Characters look uninspired, yet have an indescribable draw towards them, York’s face is the only one give much attention, it is at the point where a bead can grow if you don’t shave.  Which only has the consequence of losing money that you would get by shaving.  Yes, you are paid for shaving, changing clothes, and even saving the game, although money does not have much purpose once I had and infinite SMG, with the exception of the fishing mini-game… You heard me right, a fishing mini-game in a “Survival Horror” game.  The animations are very minimalistic, and areas are not very well joined, but it actually feels like I’m traversing a small mountain town.

From the few songs provided and the manner that they are used are a prime example, happy music is far too happy for this game, and most others, and it gets in your head and before you know it, you’re whistling along.  From the cheesy sounding detective music whenever York is being an intellectual, to the eerie sounding LaLas in one track, which brings the atmosphere and tone back to a serious one faster than York can murmur something about how he needs his coffee.  The voice acting sounds like something out of a B-movie, but its presentation makes most cutscenes very memorable, something that I cannot say about 90% of other titles, from examining corpses, to the two screen vision that you have while a killer is chasing York, it is something that only a handful of titles can accomplish.

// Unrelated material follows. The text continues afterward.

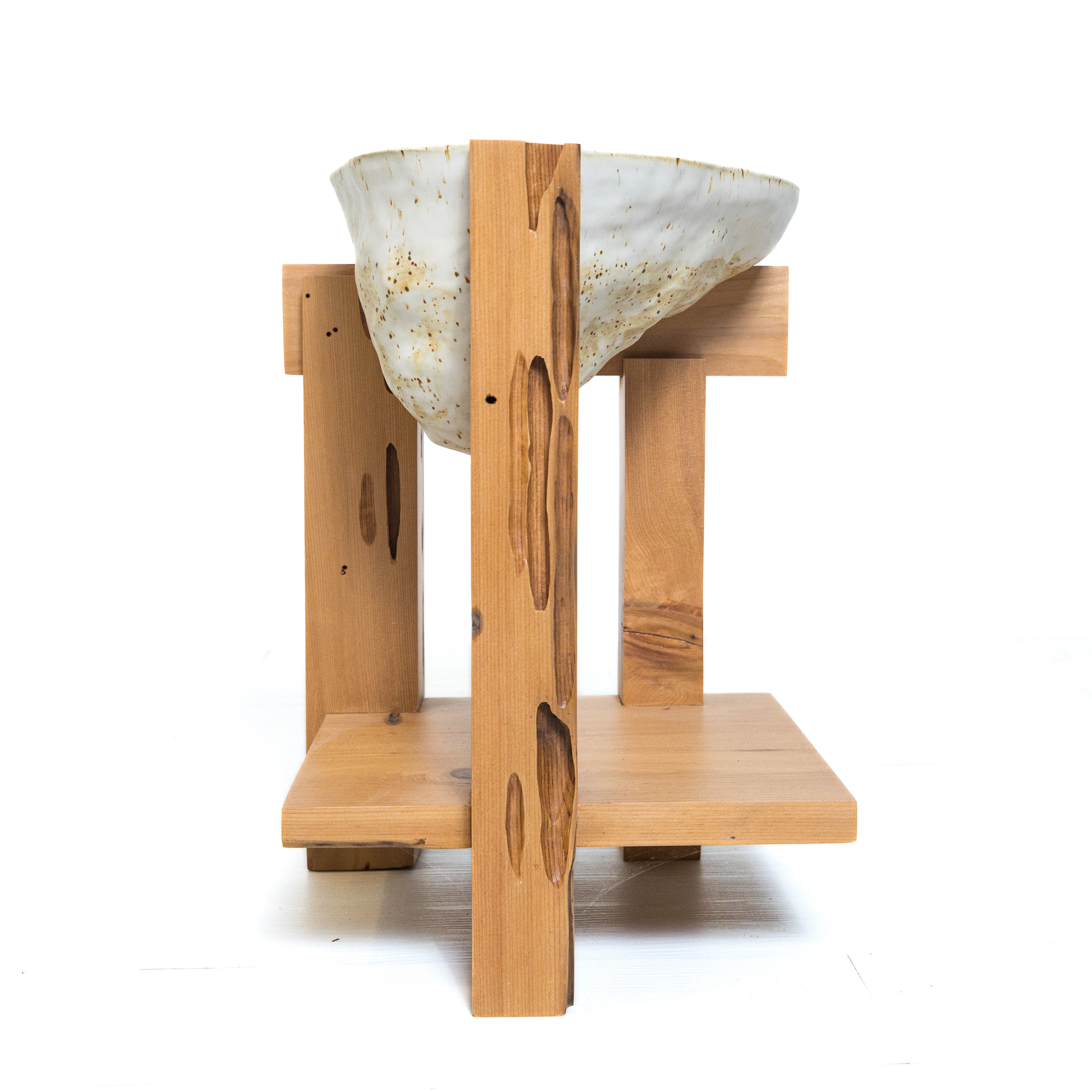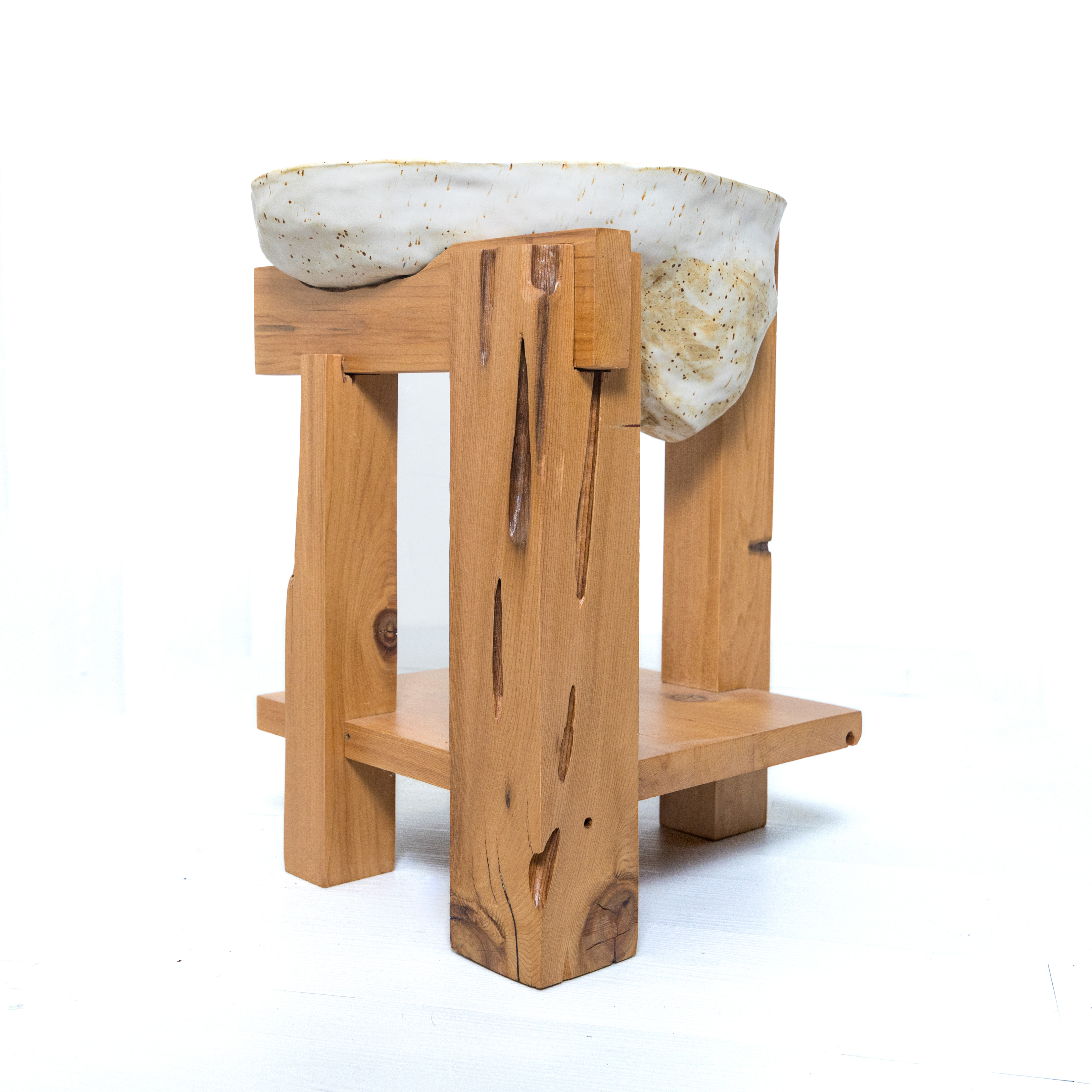 The clay is then sculpted with integrated joinery to link with the Pecky Cypress. Once fired, the wood is hand-carved to perfectly match the contours of the clay and slot into the provided joinery.

There is one thing that I think that Deadly Premonition has more of than any other game that I can think of besides The World Ends With You and Earthbound, charm.  I think that charm may be among the most important aspects of any entertainment medium, and anyone who can take what looks like a very poorly made product, and turn it into something that kept a smile on my face for 14 hours is not only good in terms of execution, it’s borderline genius.  

If you have a 360, you can get the game for $20 or less, but if you have a PS3, you can either import the Japanese version, or wait until the Director’s Cut is released.  Give it 2-3 hours and you’ll be waist deep in a liquid that is the physical representation of sheer bliss.  Or at least as long as you pay attention to the QTEs thrown at you by a less subtle Pyramid-Head like foe, which include the bloody shoulder buttons and require control stick movements that you will end up using your palm for.

//God do I love Deadly Premonition, I’ll post my review up this Sunday so you can see me go absolutely bananas over a game that is just that, nuttier than a Circus Elephants diet.  And I would not have it any other way.